Without the pictures, copy all the entries below exactly.

Record excerpts =>
━━━━━━
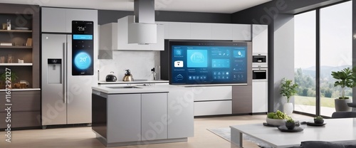 Showcase the power of the Internet of Things with a visually stunning image of a smart home filled with various connected devices and appliances AI, such as smart refrigerators, coffee makers
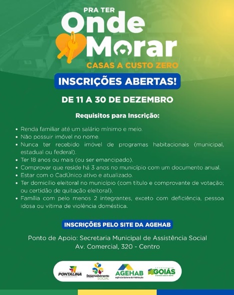 Atenção Pontalina! As inscrições para o programa Pra Ter Onde Morar – Construção já estão abertas em Pontalina-Go! De 11 a 30 de dezembro, moradores que se enquadram nos critérios…
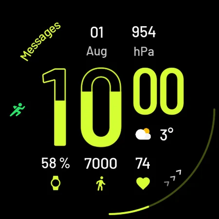 Cannot change 2 of the bottom complications (it's always battery and seconds). Cannot set complication with heart rate from Samsung fit.
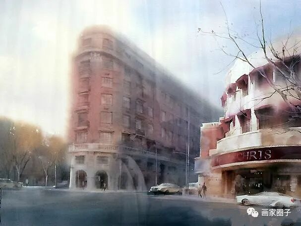 画水彩画的时候一定要注意水彩画的绘画步骤,很多初学者直接用水彩颜料画画是不对的,因为水彩画是水彩颜料和媒介水的结合使用,不加水或者加水量少,直接画画画面不透明,但是如果水份过量颜色也容易降低纯度变得“脏”,变得“灰”,失去了画面的色彩效果。正确的步骤应该是第一遍颜色少水份大,之后水份越来越少,颜色越来越多。
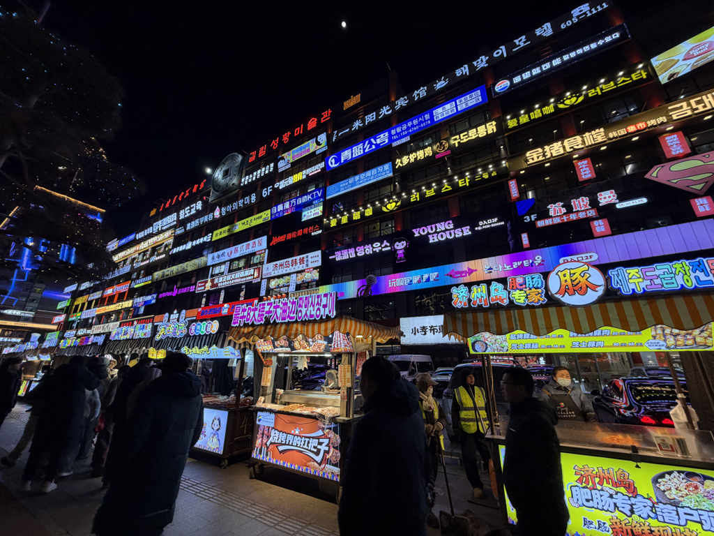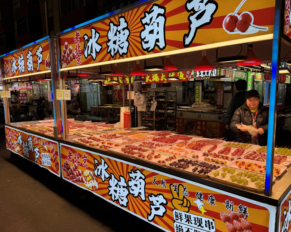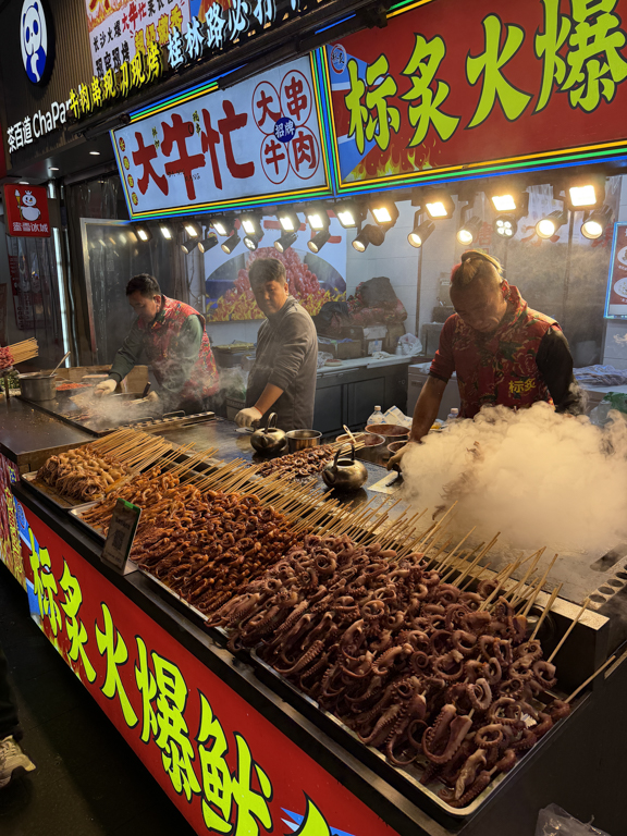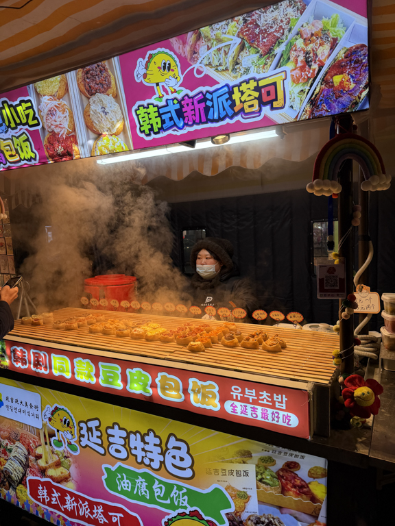 A Yanbian Egyetem környékén található utca esténként igazi street food paradicsommá változik. A kivilágított feliratok alatt egymást érik a grillezők, tésztás standok és kisebb éttermek. A levegőt sült húsok illata tölti meg, az utcán pedig folyamatos a nyüzsgés – az ember könnyen azon kapja magát, hogy egyik standtól a másikig kóstolgat.
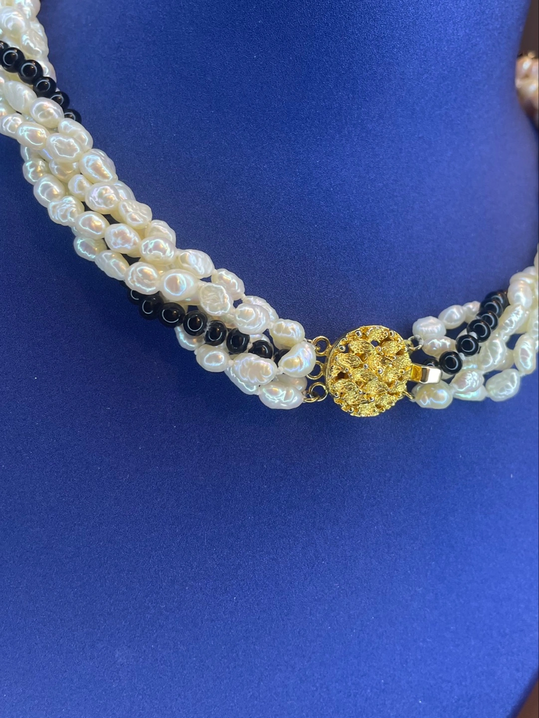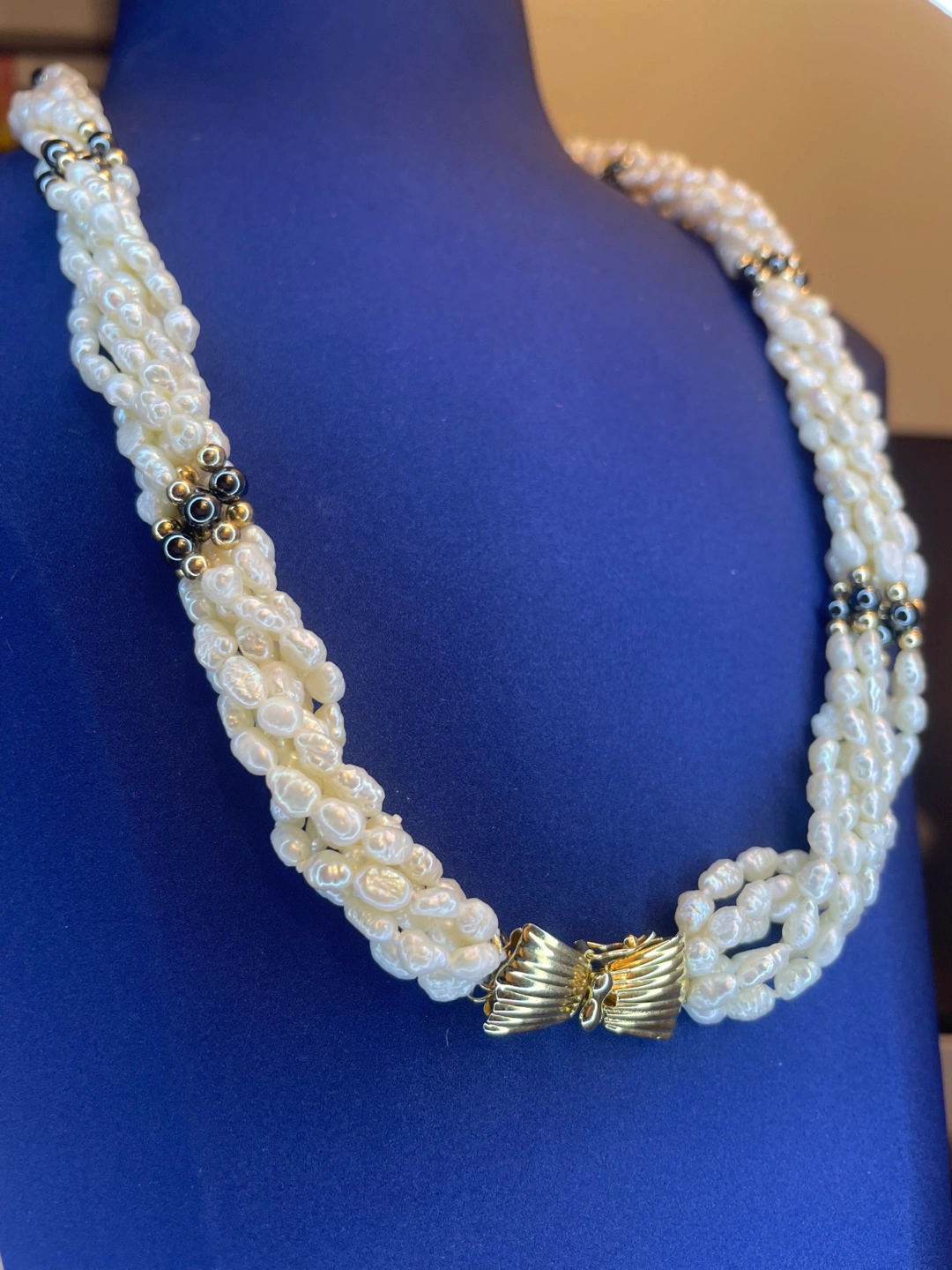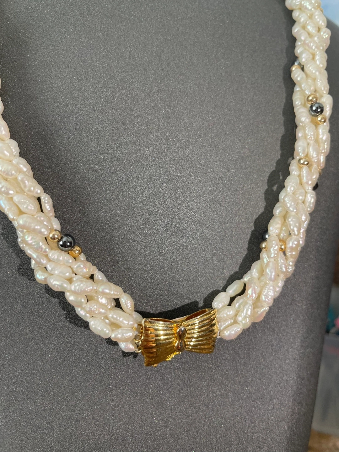 Elegant multi-strand necklace. Features creamy pearls, interspersed with gold and grey beads. Gold clasp. Lovely addition to any jewellery collection. Made in HK 30years ago. Just got these beautiful necklaces from a retired jewelry shop owner. All the necklaces are very well kept and new! The original prices are much higher and these pieces are truly vintage but totally new! Gift bags available for $10
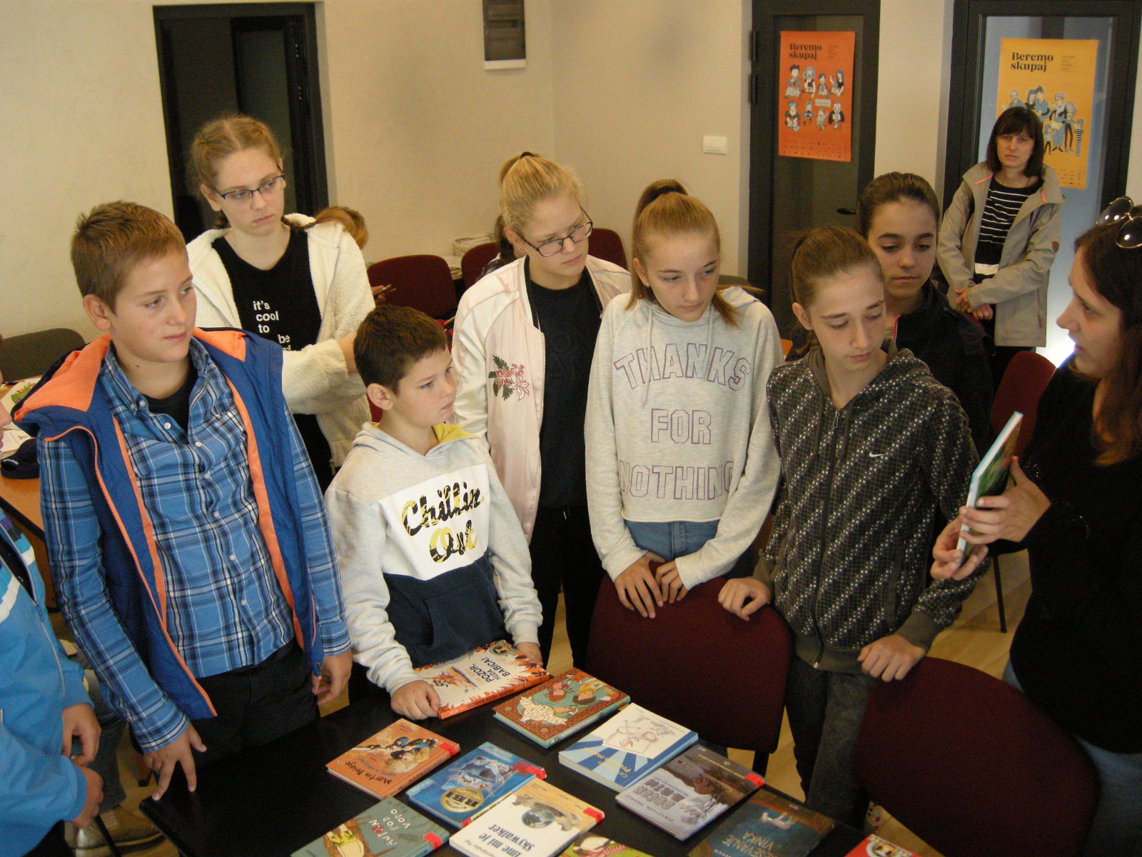 The first event was organized in cooperation with the Central Library Srečko Vilhar Koper. Librarians Urška Bonin and Tjaša Jazbec together with library director David Runk visited students of supply teaching lessons of Slovenian in Slatina and Banja Luka. They presented the project of Rovka Črkolovka. It is a reading competition, in Slovenia it is intended for students in grades 5 and 6, students from Italy and Austria are also participating, and this year for the first time students from Bosnia and Herzegovina also participated. The competition will include two groups: students from Slatina and students from Banja Luka. Since their knowledge of the language is not the same as the knowledge of the Slovenian language of peers in Slovenia, we will choose shorter books supplemented with illustrations. Our students will also rate the books they have read and write down their comments. During the class we will discuss the content of the books read and also illustrate the texts.
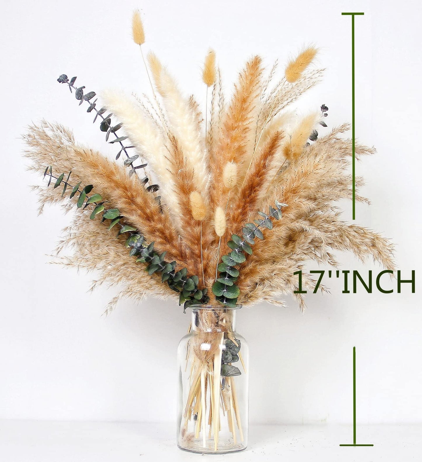 - Pampas Grass Bouquet Decor: The dried pampas grass eucalyptus bouquet measures 14 to 17 inches in length. It has been air-dried, picked, and treated with mixed leaves to enhance its appearance. These pompas are suitable for most home vases as decor. The dried flowers have a fluffy and elegant look, while the mini pampas grass adds a touch of beauty.
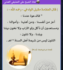 The Dawah is more precious to us than our own ourselves, (or lives) and our families. We are prepared to eat sand rather than betray our religion and our country; wa lā natalawwan – we do not waiver stances and principles according to personal interests and desires; at-talawun is not from Ahlus Sunnah’s moral character. [(1)]
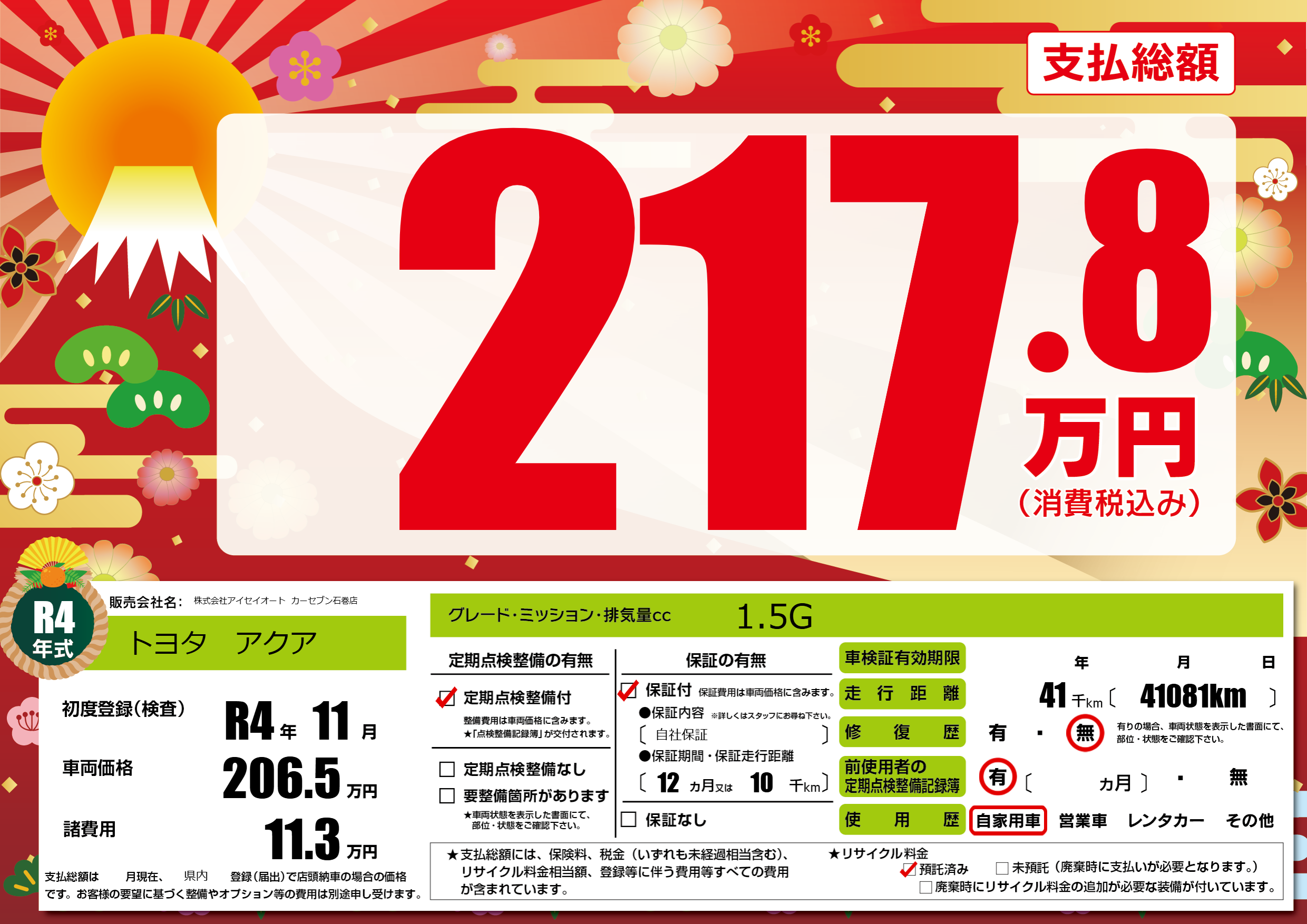 | 車名 | トヨタ アクア | グレード ミッション 排気量 |
━━━━━━
Answer =>
 Showcase the power of the Internet of Things with a visually stunning image of a smart home filled with various connected devices and appliances AI, such as smart refrigerators, coffee makers
 Atenção Pontalina! As inscrições para o programa Pra Ter Onde Morar – Construção já estão abertas em Pontalina-Go! De 11 a 30 de dezembro, moradores que se enquadram nos critérios…
 Cannot change 2 of the bottom complications (it's always battery and seconds). Cannot set complication with heart rate from Samsung fit.
 画水彩画的时候一定要注意水彩画的绘画步骤,很多初学者直接用水彩颜料画画是不对的,因为水彩画是水彩颜料和媒介水的结合使用,不加水或者加水量少,直接画画画面不透明,但是如果水份过量颜色也容易降低纯度变得“脏”,变得“灰”,失去了画面的色彩效果。正确的步骤应该是第一遍颜色少水份大,之后水份越来越少,颜色越来越多。
 A Yanbian Egyetem környékén található utca esténként igazi street food paradicsommá változik. A kivilágított feliratok alatt egymást érik a grillezők, tésztás standok és kisebb éttermek. A levegőt sült húsok illata tölti meg, az utcán pedig folyamatos a nyüzsgés – az ember könnyen azon kapja magát, hogy egyik standtól a másikig kóstolgat.
 Elegant multi-strand necklace. Features creamy pearls, interspersed with gold and grey beads. Gold clasp. Lovely addition to any jewellery collection. Made in HK 30years ago. Just got these beautiful necklaces from a retired jewelry shop owner. All the necklaces are very well kept and new! The original prices are much higher and these pieces are truly vintage but totally new! Gift bags available for $10
 The first event was organized in cooperation with the Central Library Srečko Vilhar Koper. Librarians Urška Bonin and Tjaša Jazbec together with library director David Runk visited students of supply teaching lessons of Slovenian in Slatina and Banja Luka. They presented the project of Rovka Črkolovka. It is a reading competition, in Slovenia it is intended for students in grades 5 and 6, students from Italy and Austria are also participating, and this year for the first time students from Bosnia and Herzegovina also participated. The competition will include two groups: students from Slatina and students from Banja Luka. Since their knowledge of the language is not the same as the knowledge of the Slovenian language of peers in Slovenia, we will choose shorter books supplemented with illustrations. Our students will also rate the books they have read and write down their comments. During the class we will discuss the content of the books read and also illustrate the texts.
 - Pampas Grass Bouquet Decor: The dried pampas grass eucalyptus bouquet measures 14 to 17 inches in length. It has been air-dried, picked, and treated with mixed leaves to enhance its appearance. These pompas are suitable for most home vases as decor. The dried flowers have a fluffy and elegant look, while the mini pampas grass adds a touch of beauty.
 The Dawah is more precious to us than our own ourselves, (or lives) and our families. We are prepared to eat sand rather than betray our religion and our country; wa lā natalawwan – we do not waiver stances and principles according to personal interests and desires; at-talawun is not from Ahlus Sunnah’s moral character. [(1)]
 | 車名 | トヨタ アクア | グレード ミッション 排気量 |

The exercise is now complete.